One Night Revolution (2015). This is basically a remake of Ted Alspach’s excellent One Night Ultimate Werewolf (2014), using the theming of The Resistance (2009). It also embraces the idea that there are two sides in The Resistance and uses that to modify the way the special role cards work. Whereas Werewolf gives you a role that incorporates both your side and your power, Revolution separates those out, giving you a side and also a power that varies based on which side you’re on!
Though it’s an intriguing variation, it adds a lot of confusion to the game, and I didn’t find the extra levels of logic very fun (“If you’re an informant and a reassignor then you made someone else into an informant, but if you’re a rebel and a reassignor then you just swapped two peoples’ roles, but if you’re an informant, maybe you lied about being a reassignor …”). It still took us quite a while to figure out what had happened after we revealed everything! This might be a game for really advanced One Night Ultimate Werewolf players, and they’d probably figure out the several variations in time, but for a more casual player, it just left me spinning.
The Grizzled (2015). A fairly simplistic co-op game where your object is to not play cards in the same suits as the other players — except that you have very little choice about what cards you can play. Despite that, The Grizzled somehow manages to make it feel like your choices were actually meaningful and thoughtful.
Despite the fact that the game mainly plays you, this is a tense co-op, and probably a pretty good one for new players because it’s pretty easy to play as well.
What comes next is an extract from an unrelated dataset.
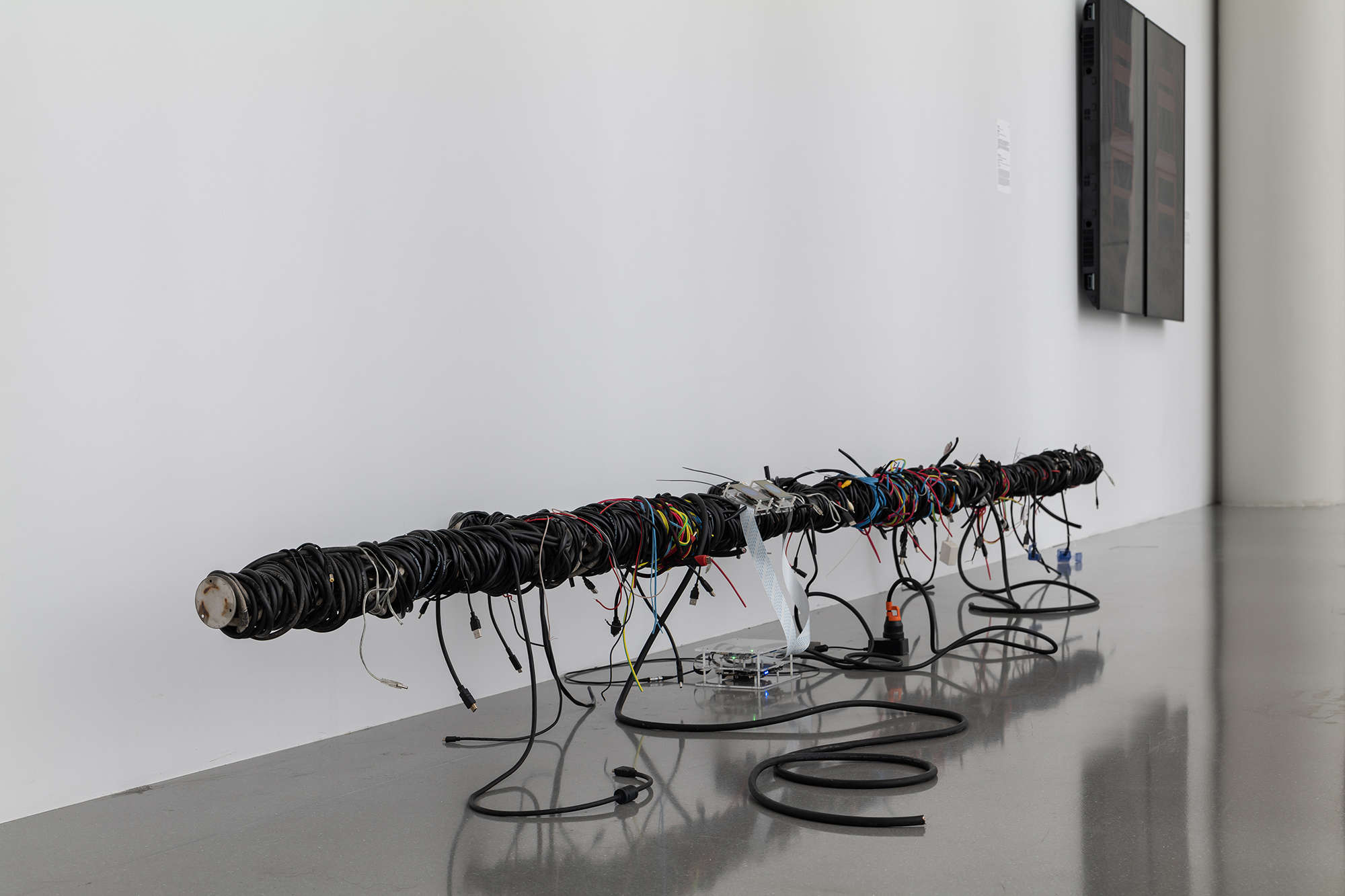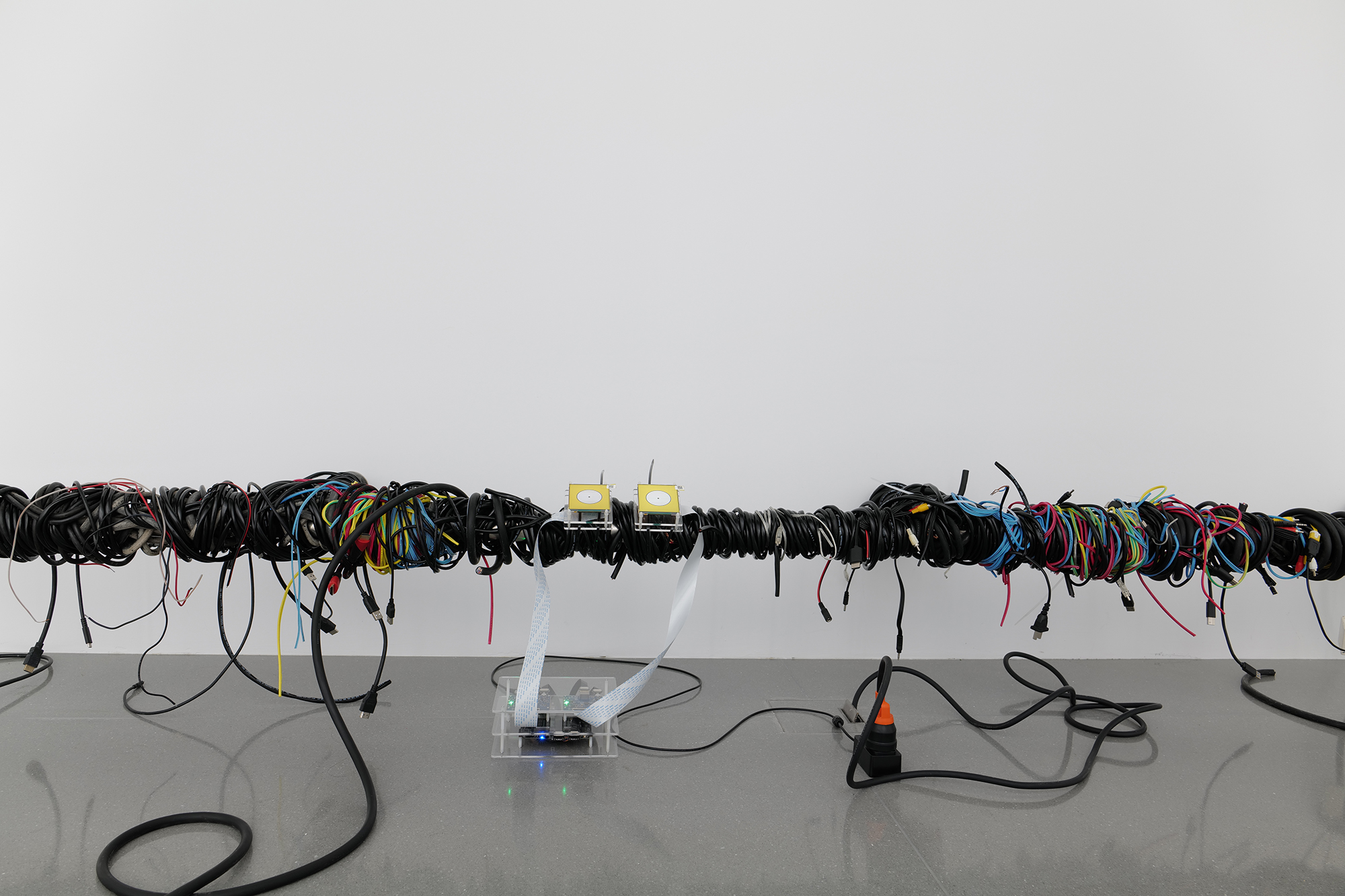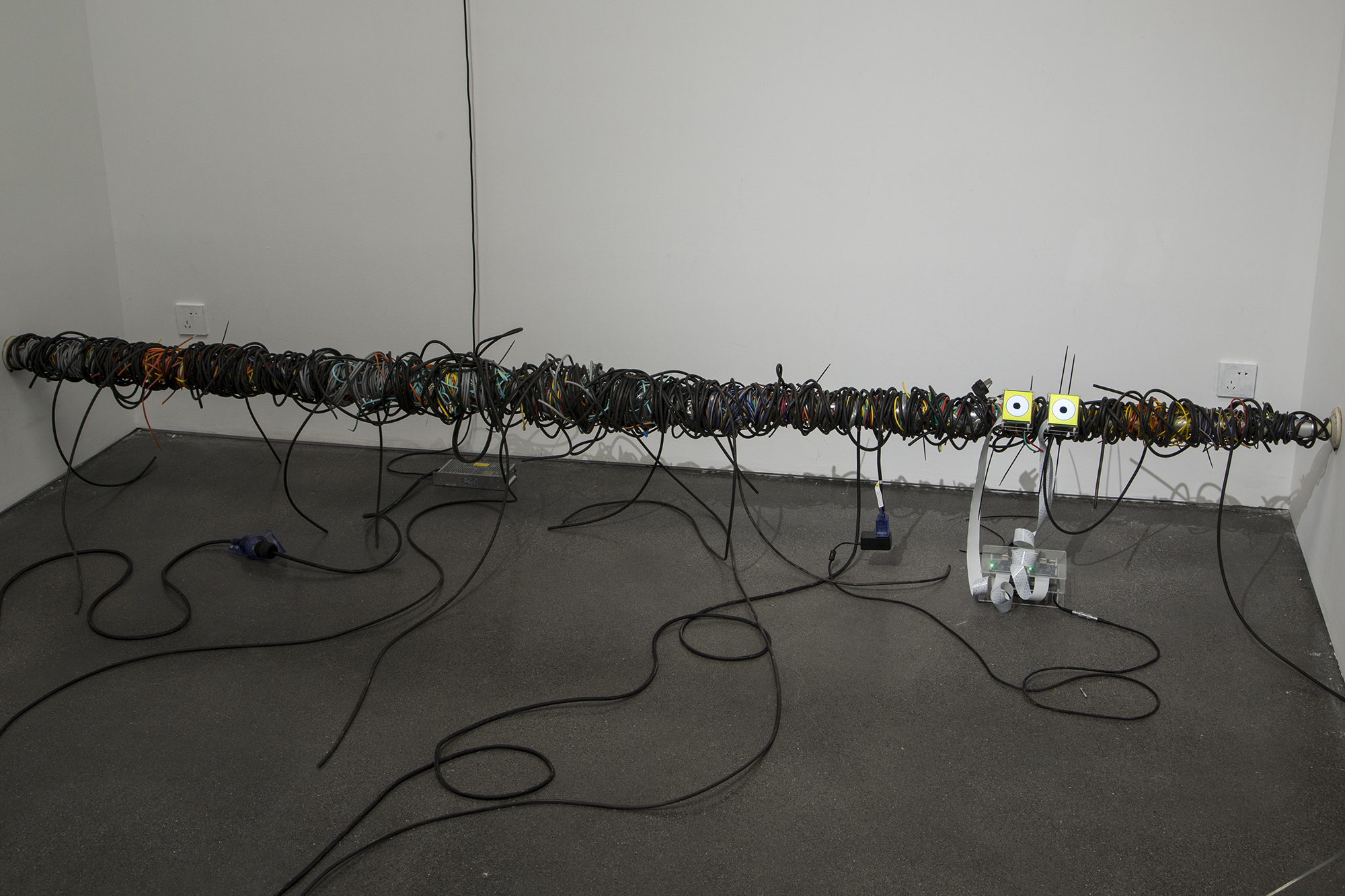 On a metal rod tightly wrapped with dense cables, a pair of screens continuously display animated eyes. These animations, each symbolizing different emotions, seem to have become emotional surrogates for the joys and sorrows of the users behind the screens, replacing genuine individual feelings with a flattened, kawaii-style universal expression. The use of VR headset screens in this work suggests a reverse gaze from the virtual world, while the mass of cables hints at the invisible, complex systems that operate behind the screen.

Masterpiece Mystery!: Motive for Murder (2015). This game has a very interesting core mechanic. You lay a victim tile down in the middle of the table, then you connect suspects to it, building motive off of their relationships. The tiles are set up very cleverly, to allow for a multitude of relationships, and the color text is really delightful. A lot of semi-abstract games have color text that gets ignored, but this one has color text that you really want to read and enjoy, to see what relationships it reveals.
On the down side, the production is very muddy, with a cacophony of information and a bad choice of fonts. The gameplay also tends toward the random side, with card play causing big swings in gameplay that verges on take-that at the time. Still, the innovative mechanics and the mysterific theming both make for an interesting game.
Lumberjack (2002). Yep, this is a pretty ancient game, but I just played this early Moon and Weissblum design for the first time. It’s a pretty simplistic game where you take logs in various colors, either building or scoring when you do. Obviously the object is to score more efficiently than your fellows. It’s quite abstract in a way that euros aren’t so much any more and it’s wholly dependent on second guessing what all the other players will do.
The physicality of the game was a bit annoying, because you build the logs into a tower to limit what’s available on any turn. And, if you’re clumsy oafs you might just knock that over. And then maybe knock it over a second and third time in the same game.